The truth is, if you're into any conspiracy content, you're drinking from the same koolaid as all the others, in the same way that if you join Amway, you'll very quickly be pitched every other MLM. If you join on crypto project, you'll be pitched a thousand others, because all of these spheres are filled with people who understand that the best people to recruit to their cause are the people who basically believe what they do but are somewhere else.
RFK is not someone who is going to steal lots of votes from Biden, at least not his core. His share among liberals are the low information, low likelihood to vote people who have that single trait in common with Bernie bros. Running against the system sounds good until you need to use the system to put you into power. Meanwhile, RFK's information ecosystem is filled with much more diehard GOP types, from Ben Shapiro to Candice Owens, who are happy to promote everything from vaccines being microchip plots to the idea that the government is going to steal your guns and trade your wife for a blue haired single trans blm member.
In other words, his biggest threat to Trump is that he'll come off as more 'real' than Trump, more of a 'true believer' than Trump. Trump's whole pitch is that he's 'real' and that he 'tells it like it is' and that he 'says things other people don't want you to hear.' And that all evaporates when someone even crazier shows up that says even crazier things and posits that maybe Trump isn't actually the truth teller you think he is.

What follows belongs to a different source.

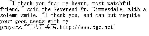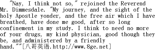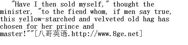 这样看来,我是不是已经把自己出卖给那个恶魔啦?"牧师思忖着,"如果人们所说属实,这个浆着黄领、穿着绒袍的老妖婆,早就选了那恶魔作她的王子和主人啦!" The wretched minister! He had made a bargain very like it! Tempted by a dream of happiness, he had yielded himself, with deliberate choice, as he had never done before, to what he knew was deadly sin. And the infectious poison of that sin had been thus rapidly diffused throughout his moral system. It had stupefied all blessed impulses, and awakened into vivid life the whole brotherhood of bad ones. Scorn, bitterness, unprovoked malignity, gratuitous desire of ill, ridicule of whatever was good and holy, all awoke, to tempt, even while they frightened him. And his encounter with old Mistress Hibbins, if it were a real incident, did but show his sympathy and fellowship with wicked mortals, and the world of perverted spirits. 这个不幸的牧师!他所作的那笔交易与此极其相似!他受着幸福的梦境的诱惑,经过周密的选择,居然前所未有地屈从于明知是罪大恶极的行径。面那桩罪孽的传染性毒素已经就此迅速扩散到他的整个道德体系,愚弄了一切神圣的冲动,而将全部恶念唤醒,变成活跃的生命。轻蔑、狠毒、无缘无故的恶言秽行和歹意;对善良和神圣的事物妄加嘲弄,这一切全都绘唤醒起来,虽说把他吓得要命,却仍在诱惑着他。而他和西宾斯老太太的不期而遇,如果当真只是巧合的话,也确实表明他已同恶毒的人们及堕落的灵魂的世界同流合污了。 He had, by this time, reached his dwelling, on the edge of the burial-ground, and, hastening up the stairs, took refuge in his study. The minister was glad to have reached this shelter, without first betraying himself to the world by any of those strange and wicked eccentricities to which he had been continually impelled while passing through the streets. He entered the accustomed room, and looked around him on its books, its windows, its fireplace, and the tapestried comfort of the walls, with the same perception of strangeness that had haunted him throughout his walk from the forest-dell into the town, and thitherward. Here he had studied and written; here, gone through fast and vigil, and come forth half alive; here striven to pray; here, borne a hundred thousand agonies! There was the Bible, in its rich old Hebrew, with Moses and the Prophets speaking to him, and God's voice through all! There, on the table, with the inky pen beside it, was an unfinished sermon, with a sentence broken in the midst, where his thoughts had ceased to gush out upon the page, two days before. He knew that it was himself, the thin and white-cheeked minister, who had done and suffered these things, and written thus far into the Election Sermon! But he seemed to stand apart, and eye this former self with scornful, pitying, but half-envious curiosity. That self was gone. Another man had returned out of the forest; a wiser one; with a knowledge of hidden mysteries which the simplicity of the former never could have reached. A bitter kind of knowledge that! 此时,他已走到坟场边上的住所,正在匆忙地踏上楼梯,躲进他的书斋中去一避。牧师能够进到这个庇荫之地,暗自高兴,因为这样一来,他就无须向世人暴露他在街上一路走来时那不断怂恿他的种种离奇古怪的邪念了。他走进熟悉的房间,环顾四周,看着室内的书籍、窗子、壁炉、接着壁毯的赏心悦目的墙壁,但从林中谷地进城来一路纠缠着他的同样的奇异感觉依然存在。他曾在这里研读和写作;他曾在这里斋戒和夜祷,以致弄得半死不活;他曾在这里尽心尽意地祈祷;他曾在这里忍受过成千上万种折磨!这里有那本装璜精美的《圣经》,上面用古老的希伯来文印着摩西和诸先知们对他的训戒,从头到尾全是上帝的声音!在桌上饱蘸墨水的鹅毛笔旁,摆着一篇未完成的布道词,一个句子写到中间就中断了,因为两天前他的思路再也涌不到纸上。他明知道那是他本人,两颊苍白、身材消瘦的牧师做的这些事、受的这些苦,写了这么些庆祝选举的布道文的!但他却象是站在一边,带着轻蔑和怜悯,而又怀着一些羡慕的好奇心,审视着先前的自己。那个自我已经一去不复返了,是另一个人从林中归来了,是具有神秘知识的男一个益发聪明的人了--那种知识是原先那人的简单头脑从来不可能企及的。那种知识真让人哭笑不得! While occupied with these reflections, a knock came at the door of the study, and the minister said, "Come in!"- not wholly devoid of an idea that he might behold an evil spirit. And so he did! It was old Roger Chillingworth that entered. The minister stood, white and speechless, with one hand on the Hebrew Scriptures, and the other spread upon his breast. 就在牧师沉浸在这些冥思苦想之中的时候,书斋的房门那儿传来一声敲门声,牧师便说道,"请进!"--并非完全没有料到他可能又要看到一个邪魔了。果不其然!进来的正是老罗杰·齐灵渥斯。牧师面包苍白、默默无言地站在那里,一手放在希伯来文鲍《圣经》上,另一只手则捂住心口。 "Welcome home, reverend sir," said the physician. "And how found you that godly man, the Apostle Eliot? But methinks, dear sir, you look pale; as if the travel through the wilderness had been too sore for you. Will not my aid be requisite to put you in heart and strength to preach your Election Sermon?"" 欢迎你回到家中,可敬的牧师先生,"医生说。"你看那位圣洁的艾略特使徒可好啊?可是我看你的样子很苍白,亲爱的先生;看来你在荒野中的这次旅行过于疲惫不堪了。要不要我来帮忙你恢复一下身心健康,以便在庆祝选举的布道中祈祷呢?"
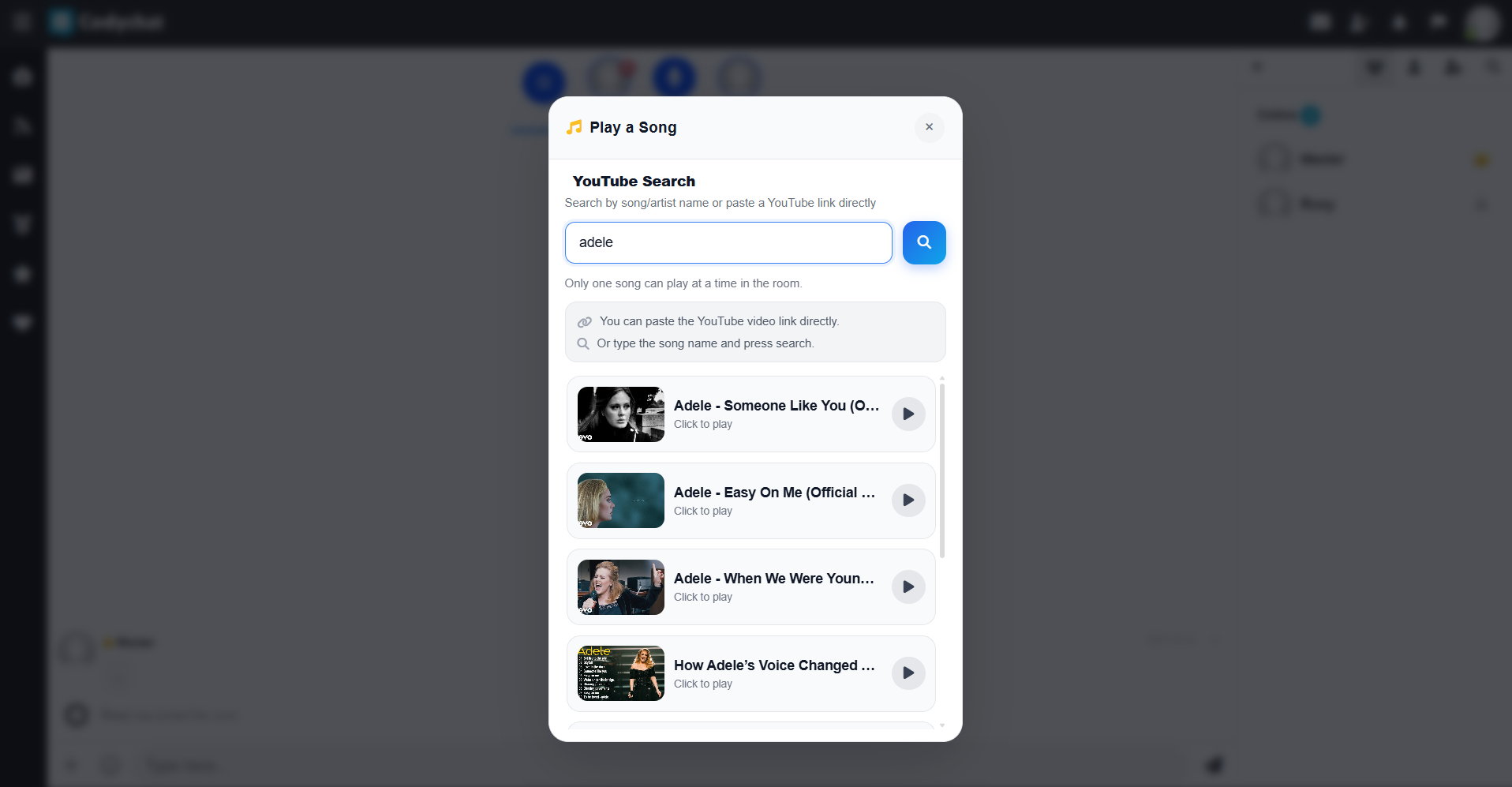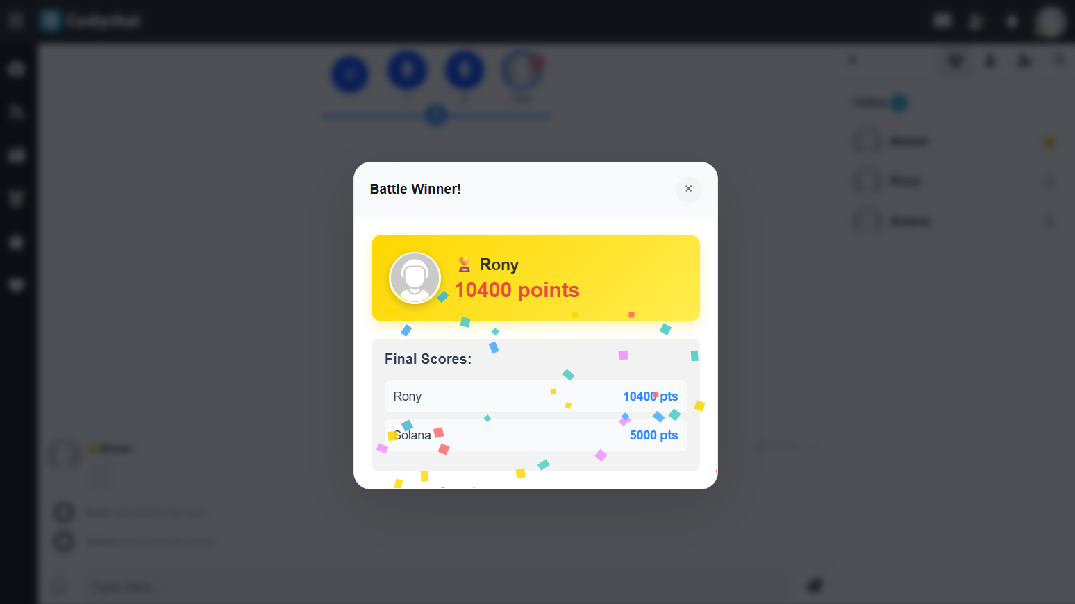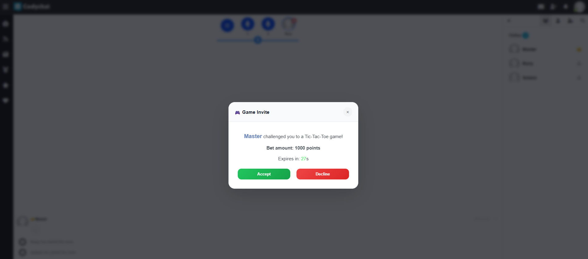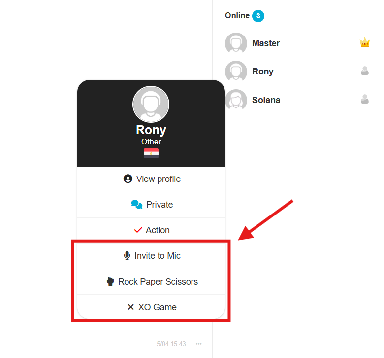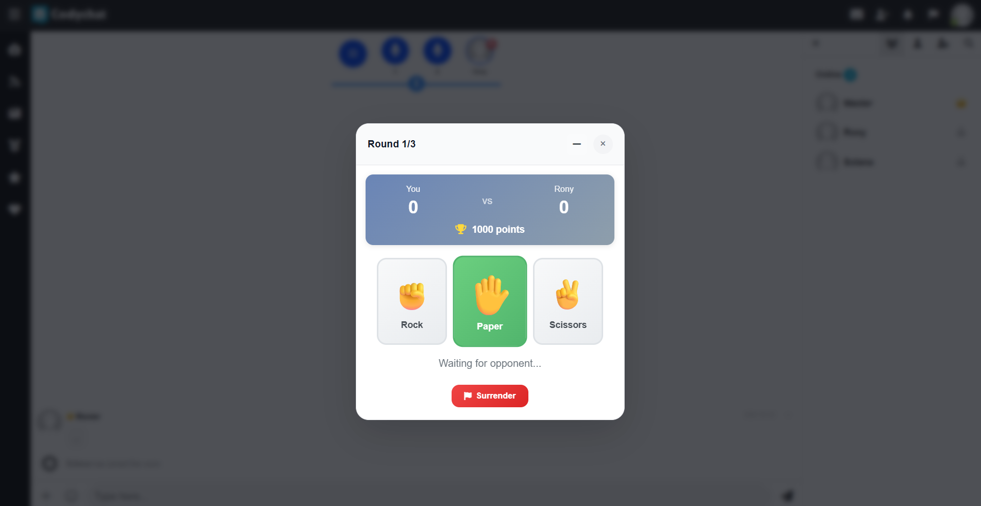 💠Rock Paper Scissors — instant RPS game on the mic All games run entirely over Socket.io — results broadcast to the whole room in real time.

Sure, RFK was a Democrat at one point. But he has nothing in common with Democratic voters or the current party. All the people who might have been Democrats in his vein, the ones afraid of things like DEI and BLM and a million other acronyms, have already become Republicans, because the GOP isn't so much 'conservative' in the old vein as it is a set of grievances about how it's not 1950 anymore. In that vein, RFK fits right in as an old guy past his prime who wants to talk about the good old days to people who miss seeing children with polio.